Hindu physicians employed all five senses in diagnosis. Hearing was used to distinguish the nature of the breathing, alteration in voice, and the grinding sound produced by the rubbing together of broken ends of bones. They appear to have had a good clinical sense, and their discourses on prognosis contain acute references to symptoms that have grave import. Magical beliefs still persisted, however, until late in the classical period; thus, the prognosis could be affected by such fortuitous factors as the cleanliness of the messenger sent to fetch the physician, the nature of his conveyance, or the types of persons the physician met on his journey to the patient.
Dietetic treatment was important and preceded any medicinal treatment. Fats were much used, internally and externally. The most important methods of active treatment were referred to as the “five procedures”: the administration of emetics, purgatives, water enemas, oil enemas, and sneezing powders. Inhalations were frequently administered, as were leeching, cupping, and bleeding.
The Indian materia medica was extensive and consisted mainly of vegetable drugs, all of which were from indigenous plants. Charaka knew 500 medicinal plants, and Sushruta knew 760. But animal remedies (such as the milk of various animals, bones, gallstones) and minerals (sulfur, arsenic, lead, copper sulfate, gold) were also employed. The physicians collected and prepared their own vegetable drugs. Among those that eventually appeared in Western pharmacopoeias were cardamom and cinnamon.
As a result of the strict religious beliefs of the Hindus, hygienic measures were important in treatment. Two meals a day were decreed, with indications of the nature of the diet, the amount of water to be drunk before and after the meal, and the use of condiments. Bathing and care of the skin were carefully prescribed, as were cleansing of the teeth with twigs from named trees, anointing of the body with oil, and the use of eyewashes.
In surgery, ancient Hindu medicine reached its zenith. Operations performed by Hindu surgeons included excision of tumours, incision and draining of abscesses, punctures to release fluid in the abdomen, extraction of foreign bodies, repair of anal fistulas, splinting of fractures, amputations, cesarean sections, and stitching of wounds.
A broad array of surgical instruments were used. According to Sushruta, the surgeon should be equipped with 20 sharp and 101 blunt instruments of various descriptions. The instruments were largely of steel. Alcohol seems to have been used as a narcotic during operations, and bleeding was stopped by hot oils and tar.
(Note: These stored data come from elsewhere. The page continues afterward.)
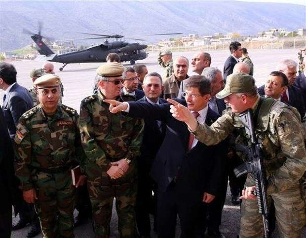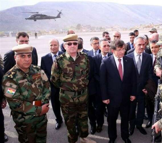 Başbakan Davutoğlu ve beraberindekileri taşıyan helikopterler Kuzey Irak'ta sıkı güvenlik önlemleri içinde yer değiştirdi.
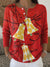 Women's Multicolor Christmas Bell Geometric Pattern Art Print Buttoned Cardigan Sweater
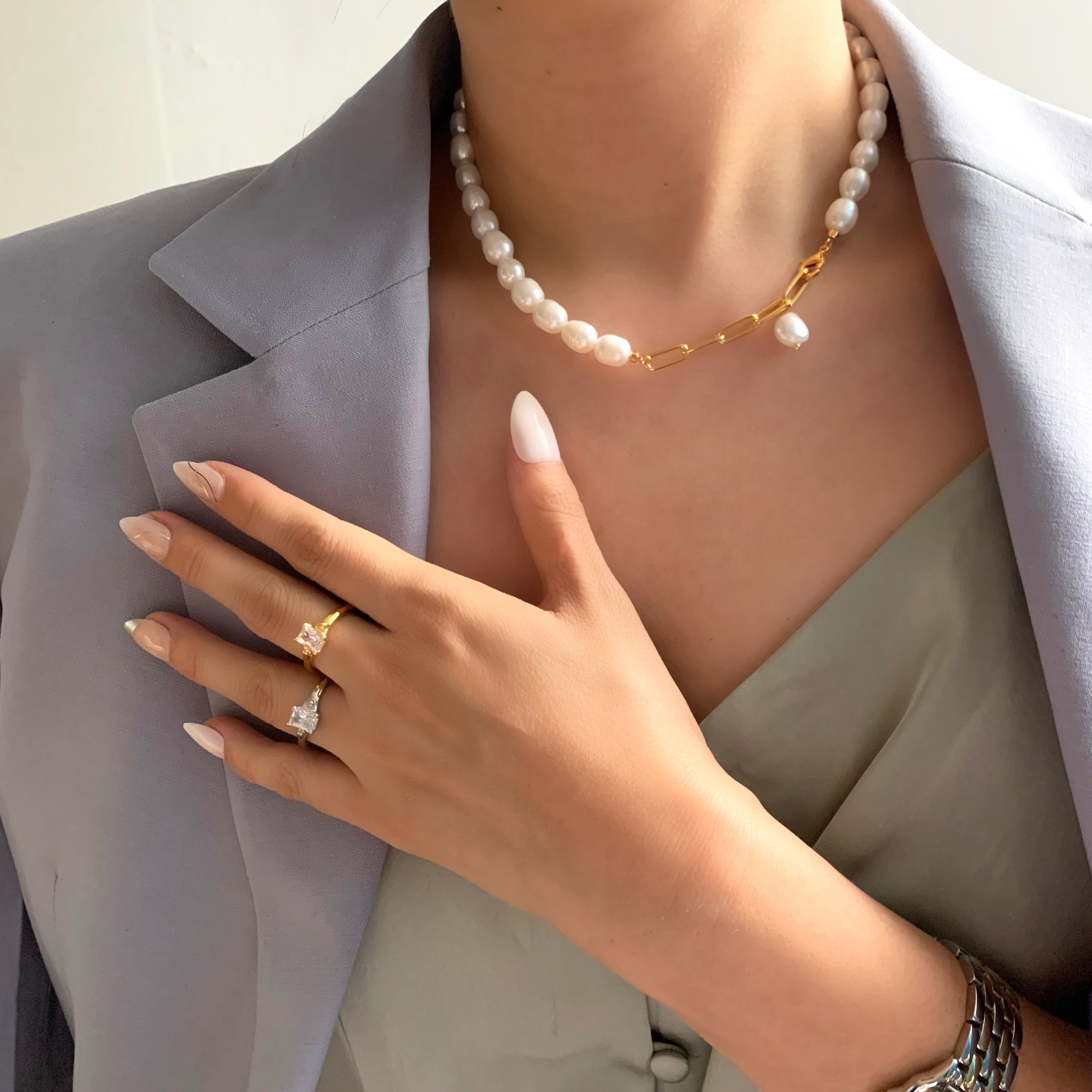 옵션4. 지그재그 담수진주 목걸이
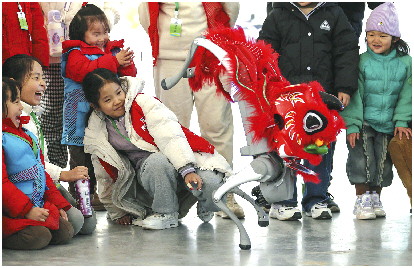 ▲机器狗“舞狮”闹新春。

In two types of operations especially, the Hindus were outstanding. Stone in the bladder (vesical calculus) was common in ancient India, and the surgeons frequently removed the stones by lateral lithotomy. They also introduced plastic surgery. Amputation of the nose was one of the prescribed punishments for adultery, and repair was carried out by cutting from the patient’s cheek or forehead a piece of tissue of the required size and shape and applying it to the stump of the nose. The results appear to have been tolerably satisfactory, and the modern operation is certainly derived indirectly from this ancient source. Hindu surgeons also operated on cataracts by couching, or displacing the lens to improve vision.